Dementia3096 front.jpg
WEARING GLASSES WITH the lenses painted to simulate vision deficits, large gloves that cause dexterity and feeling problems and headphones playing voices to mimic hearing difficulties, Christy Lynn was ready for a dementia simulation. Independent photos/Trent Campbell

MIDDLEBURY — You know those moments when you’re interacting with another person and they respond in a way that totally shocks or surprises you. “What were they thinking when they did that?” you say to yourself.

Have you ever wondered what it would be like to step into their shoes in that moment, to catch a glimpse of what might have motivated their action or emotion?

Well, the Residence at Otter Creek is offering an opportunity for people to experience a sliver of what it may feel like to have dementia.

Through a simulation routine led by Resident Engagement Director Courtney Allenson, in about five minutes a family member, caretaker, or friend can gain valuable insight into the many obstacles a person struggling with dementia may face. This awareness helps that person’s surrounding community act with compassion and patience, rather than frustration and haste.

My husband’s late grandmother suffered from dementia and for several years before her death we watched as she slowly lost memories, lost her place when recounting stories, lost track of time, lost motivation and eventually lost the will to carry on. It was a devastating condition to witness and though the family tried to treat Gram with love through the end it was confusing and frustrating nonetheless.

So naturally, when the opportunity arose to experience the dementia simulation, I jumped at it.

Allenson was waiting for me in an empty room at the Residence at Otter Creek’s Middlebury facility with several chairs and a table with a bunch of props on it. Julie Fuller, a staff LNP who specializes in dementia care, was there too, observing the experience for the first time and curious how someone in my position would respond.

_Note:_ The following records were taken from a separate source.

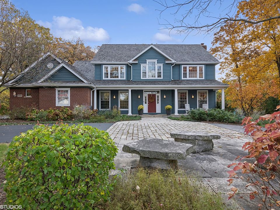 Welcome to this stunning home set in desirable Swansway, perfectly nestled on a picturesque 1-acre cul-de-sac lot, balancing serene privacy with unmatched convenience to shopping, dining, parks, and endless trails for hiking and biking. A charming front porch greets you, leading into a grand two-story foyer lined with wide-plank hickory hardwood flooring that flows seamlessly throughout the main level. Flanking the entry, you'll find an elegant dining room and French doors to the office / living room - flex to fit your lifestyle. The sunlit chef's kitchen is truly the heart of the home, boasting a two-tier island, premium appliances, and an inviting eating area. It opens up to the cozy family room, complete with a gas fireplace and sliders that lead to an expansive composite deck, installed in 2020 - ideal for relaxing and entertaining. The main level is thoughtfully designed with a spacious laundry room, powder room, and plenty of storage. Upstairs, double doors welcome you to the luxurious primary suite where you'll find a large walk-in closet and a spa-inspired ensuite with on-trend barn door entry, dual sinks, an MTI whirlpool tub and separate shower. Three generously sized secondary bedrooms, a hall bath with double sinks and attic storage (perfect for future expansion) provide comfort and space for everyone. The finished English lower level is a haven for entertainment, featuring a large rec room, custom wet bar, a game or exercise area, a full bath, and additional storage. Outside, enjoy the sprawling lawn with playset and surrounded by mature trees for the ultimate privacy - your very own secluded oasis. A three-car garage equipped with an EV charger, a new cedar shake roof installed in 2022, and access to top-rated Lake Zurich D95 schools complete this picture-perfect property. This home offers the best of both luxury and convenience - a true gem!
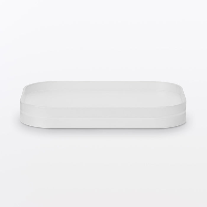 A sturdy small lid that fits a variety of our half width polypropylene makeup boxes. It is made from partially recycled translucent polypropylene that makes it easy to preview the contents inside, while also being easy to clean. The lid is designed with a bevel to make it easy to stack in combination with our other polypropylene makeup boxes, or it can be used standalone as a tray.
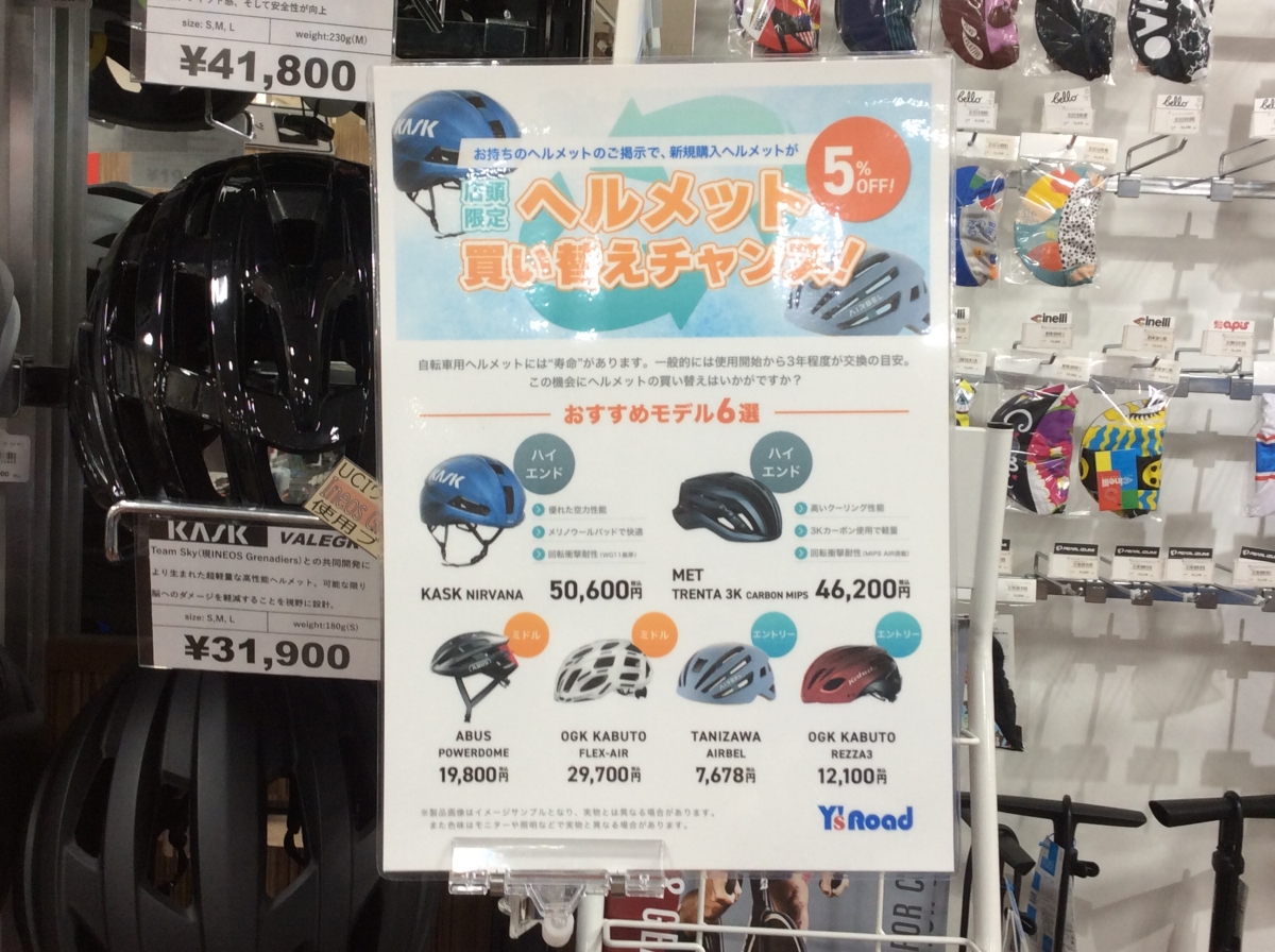 今お使いのヘルメットを提示していただくと新しく購入するヘルメットが5%OFFになるキャンペーンもやってます!

I sat in one of the chairs and listened as Allenson explained the routine. First, she handed me a small rubber rectangle that was flat on one side and had spikes sticking out of the other side. I was to place it inside my shoe — spike side facing my foot. This spikey insole was meant to distract in a similar manner as everyday foot pain, neuropathy or arthritis often does for elderly people. Ouch.

Next, I was given a pair of large cotton gloves. According to a handout Allenson gives at each of these simulations, arthritis is part of daily life for up to 80 percent of the population over the age of 65. Dexterity is often compromised, as is feeling and function.

Then came the glasses. As someone who has never had trouble seeing (or even been to the eye doctor) putting on a pair of oversized glasses painted on the inside with dark purple nail polish almost made me instantly panic. I strained to see anything through the brush strokes in the paint and realized I could only make out rough shapes rather than defined objects. But again Allenson’s handout said 75 percent of people over 65 have a visual impairment of some kind.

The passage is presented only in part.